The gradual march towards autonomous vehicles continues to gain steam
While driverless vehicles remain in testing, each year sees the release of new autonomous concept cars and prototype systems. Meanwhile, semi-autonomous features have been creeping into cars across all price points for the last 10 years. Many vehicles now include lane departure and blind spot warning features as well as collision avoidance safeguards and in some cases, automatic parking.
So why are autonomous vehicles necessary? The simple truth is that human error causes most accidents on the road. In 2016, over 1.2 million people around the world lost their lives to road accidents. More than 2 million others were injured with damages amounting to billions in unnecessary insurance claims and healthcare costs.
Autonomous vehicles will be aware of their 360° surroundings. The array of embedded sensors they will have means vehicles will be able to communicate with each other to brake, swerve and stop to avoid any injury or collision. While technology remains in its infancy now, we’re highly likely to see them hit the highways in our lifetime.
“The concepts that are the bedrock of an autonomous driving future, such as machine vision and sensor fusion, are already being rolled out successfully to enable effective safety measures on the road.” says Eran Shir, CEO of Nexar, an AI backed dashcam app creating the worlds first open vehicle network.
“By utilizing a basic smartphone front-facing camera, for example, services like Nexar can understand when a dangerous situation is brewing even before a human can and give drivers immediate “watch out!” warnings that will prevent needless crashes caused by simple distraction, inattentiveness, and human error, and that is just the tip of iceberg”.
Grand Trials
It’s not difficult to see why semi-autonomous vehicles or platforms like Nexar have hit the road long before their autonomous equivalents. Driverless technology is still undergoing intense testing, sometimes using surprising trial methods. Last year, researchers from Intel Labs and Darmstadt University confirmed they were using the virtual world of Grand Theft Auto V to enhance vehicle “vision” systems, because GTA V’s vast, open landscape and road system “significantly increases accuracy”.

Companies including Ford and Google’s Waymo are promising to put their first no-hands vehicles on the road within 3 years. Apple has also been confirmed as one of the tech firms currently testing driverless technology in California.
IBM recently patented a system that uses machine learning to shift control of an autonomous vehicle between a human driver and a vehicle control processor in the event of a potential emergency, providing a safety measure that can contribute to accident prevention.

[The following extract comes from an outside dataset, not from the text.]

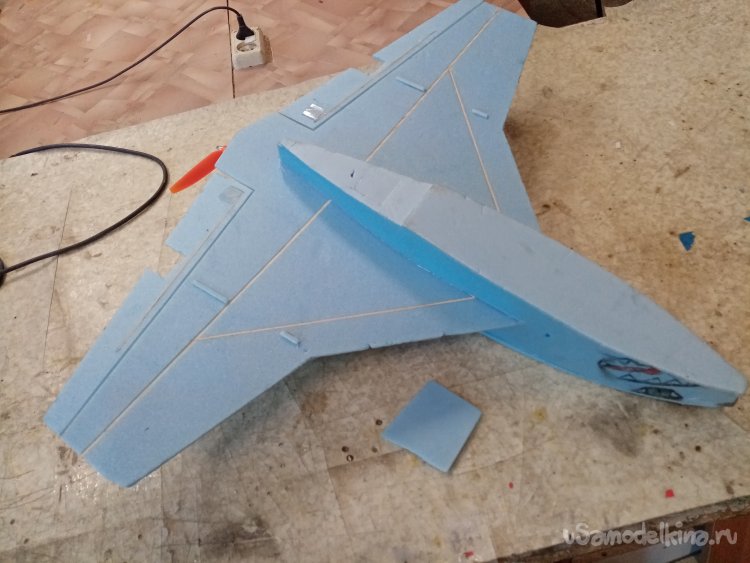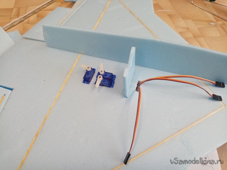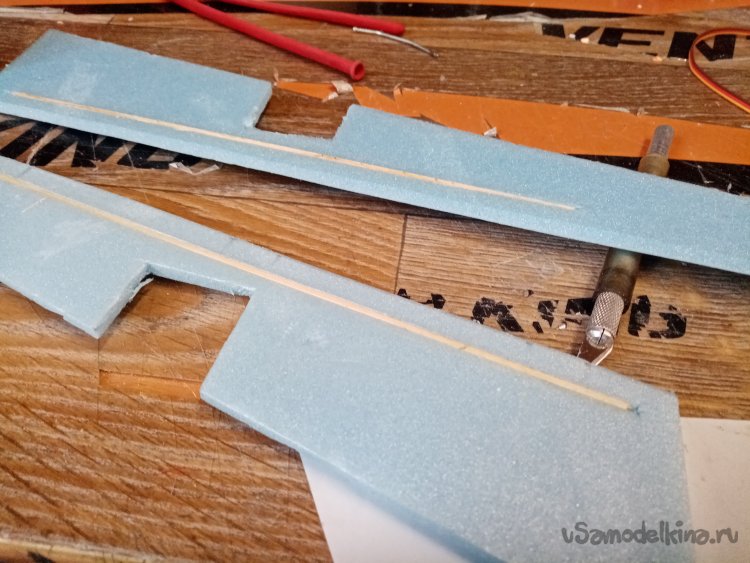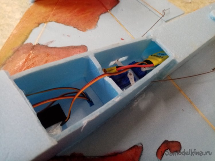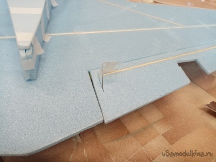 Немного подрезаю длину элевона. Поскольку под нагрузкой крыло может немного прогибаться и заклинит перемещение рулевой поверхности.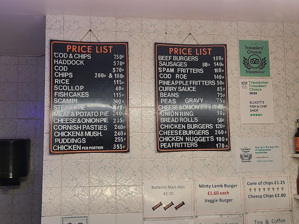 Located on Commercial Road in Tideswell, Elliotts Fish & Chips is a beloved takeaway spot renowned for its classic British cuisine. The village itself boasts charm with its limestone architecture and friendly locals, attracting both tourists and residents. Just a few miles from the stunning Peak District, it's the perfect place to grab a delectable meal after exploring the beautiful countryside. The eatery provides various service options, including takeaway, delivery, and dine-in, accommodating all needs. The wheelchair access throughout the restaurant and parking facilities ensures a welcoming environment for everyone. This chippy often draws a crowd, so expect a queue, especially during lunchtime and dinner rushes. Those who wish to avoid the wait can easily make a reservation. With a reputation for quality and a vibrant community feel, Elliotts is more than just a fish and chips shop; it’s a local institution.

But despite the enhanced safety driverless cars will offer passengers and pedestrians, they do raise concerns around a different kind of safety vulnerability – hacking.
“The main conclusion of our research is that, in their current state, applications for connected cars are not ready to withstand malware attacks,” says Victor Chebyshev from Kaspersky Lab.
“Thinking about the security of the connected car, one should not only consider the security of server-side infrastructure. We expect that car manufacturers will have to go down the same road that banks have already gone down with their applications.”
Can these vehicles be hacked? Could someone else control your car remotely, change your destination or lock you in? For the time being, engineers at the world’s leading car companies are trying to figure out the answers to these questions. One thing is for sure, we won’t see a deadly swarm of autonomous kamikaze vehicles rampaging through a major city for another few years at least.